How supportive have Thirty Tigers been to your ongoing success?
They have done a couple of our records, and they are doing a little bit more for us with ‘Stress Dreams’ and have kind of expanded their reach. I’m talking to you over the sea, haha, which is a new thing for us, and we would love to come over there and play for you all over there. Our friend Billy Strings is going to play a show in London and we are really happy for him. International travel hasn’t been very easy for the band, we’ve been to Japan, Canada, and Mexico, and that is pretty much the extent of it. We were supposed to play a festival in Australia several times now but it was cancelled due to the birth of my child and COVID. Hopefully, we will be able to give it another shot.
What is next for Greensky Bluegrass in 2022?
We have a lot of touring planned with the record coming out. We are playing most of January, February, and March, straight through really, and we haven’t done that for so long now. It is crazy, but we still have a lot of summer stuff that has been booked for years that has just been pushed over, so we will make a lot of that up. We will play through the fall and then look to make a record after that, and as I said, maybe hopefully we will get to do some international travel. We would really like to go play for some new people.

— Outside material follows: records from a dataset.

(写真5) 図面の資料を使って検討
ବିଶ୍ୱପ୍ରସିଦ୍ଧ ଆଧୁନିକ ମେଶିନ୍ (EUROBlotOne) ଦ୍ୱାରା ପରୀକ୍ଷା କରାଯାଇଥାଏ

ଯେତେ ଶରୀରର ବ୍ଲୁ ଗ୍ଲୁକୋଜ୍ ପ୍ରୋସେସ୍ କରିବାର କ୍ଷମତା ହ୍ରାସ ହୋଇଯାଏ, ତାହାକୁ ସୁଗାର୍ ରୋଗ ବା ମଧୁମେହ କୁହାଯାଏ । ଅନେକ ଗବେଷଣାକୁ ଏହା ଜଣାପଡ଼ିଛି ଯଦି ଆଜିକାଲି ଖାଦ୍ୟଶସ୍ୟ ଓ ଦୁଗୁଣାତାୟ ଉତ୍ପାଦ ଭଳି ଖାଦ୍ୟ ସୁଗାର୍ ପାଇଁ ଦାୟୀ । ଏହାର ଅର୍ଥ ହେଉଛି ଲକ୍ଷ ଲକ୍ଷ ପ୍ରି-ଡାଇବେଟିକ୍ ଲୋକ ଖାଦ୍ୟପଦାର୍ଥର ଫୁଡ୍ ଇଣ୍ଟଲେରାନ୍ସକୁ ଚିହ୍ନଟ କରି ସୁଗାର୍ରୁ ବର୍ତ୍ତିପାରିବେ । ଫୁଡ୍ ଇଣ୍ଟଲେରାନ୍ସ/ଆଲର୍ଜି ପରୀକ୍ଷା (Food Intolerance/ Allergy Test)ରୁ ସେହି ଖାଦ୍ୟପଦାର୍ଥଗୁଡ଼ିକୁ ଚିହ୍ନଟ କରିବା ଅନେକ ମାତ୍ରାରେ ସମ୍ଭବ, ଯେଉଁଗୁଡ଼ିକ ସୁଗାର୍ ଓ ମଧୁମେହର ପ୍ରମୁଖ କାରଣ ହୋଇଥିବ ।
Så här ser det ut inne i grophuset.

Your model of persistent touring worked in the US, so maybe it will work internationally.
Maybe so, yeah, haha. There is something different about winning new listeners over, people who haven’t heard you before, rather than appeasing people who are already fans. As you said, our community of fans are fantastic and amazing, and they come to a lot of shows a year, and they support us religiously, but appeasing that appetite is different from playing to a room full of people we have never seen before. It is a different energy, and winning over or romancing if you will, a new listener is really fun. When we played in Japan it was amazing, just playing for people we didn’t even share a language with and watching their reaction. We hadn’t experienced anything like that in a very long time, and it was profound. Hopefully, more of that is ahead.

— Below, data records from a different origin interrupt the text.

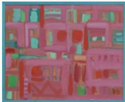
LUANG PRABANG olej na płótnie, 90x73, 2019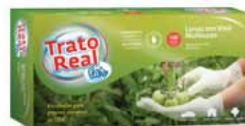
Vinil Multiusos Vinyl Multipurpose Vinyle Multi-Usages Vinilo Multiusos

100 un, Tam M Un. p/Cx: 1x10 Cód.: 5600441665056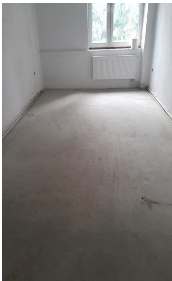
Zdjęcie 4, Widok pomieszczenia biurowego

I’ve often wondered why jazz and bluegrass are so popular in Japan.
They really loved it.
At AUK, we like to share music with our readers, so can you share which artists, tracks or albums are currently top three on your personal playlist?
This guy Jafie Jurvanen from Canada whose band is called the Bahamas, I love his music right now. I listen to a lot of Justin Vernon and Bon Iver. None of those are bluegrass or americana, so in that vein there is Watchhouse. I really like them, and they were formally Mandolin Orange, and I was just listening to them before our interview, haha. Andrew Marlin the mandolin player is a friend of mine and he is a great player and a great writer. It is really good music.
Finally, do you want to say anything to our readers?
I hope we can come see you soon. I’ve been there as a tourist several times, and I would love to come back as an artist. We will just keep truckin’ ahead, that is what we do, so hopefully we will make it over there.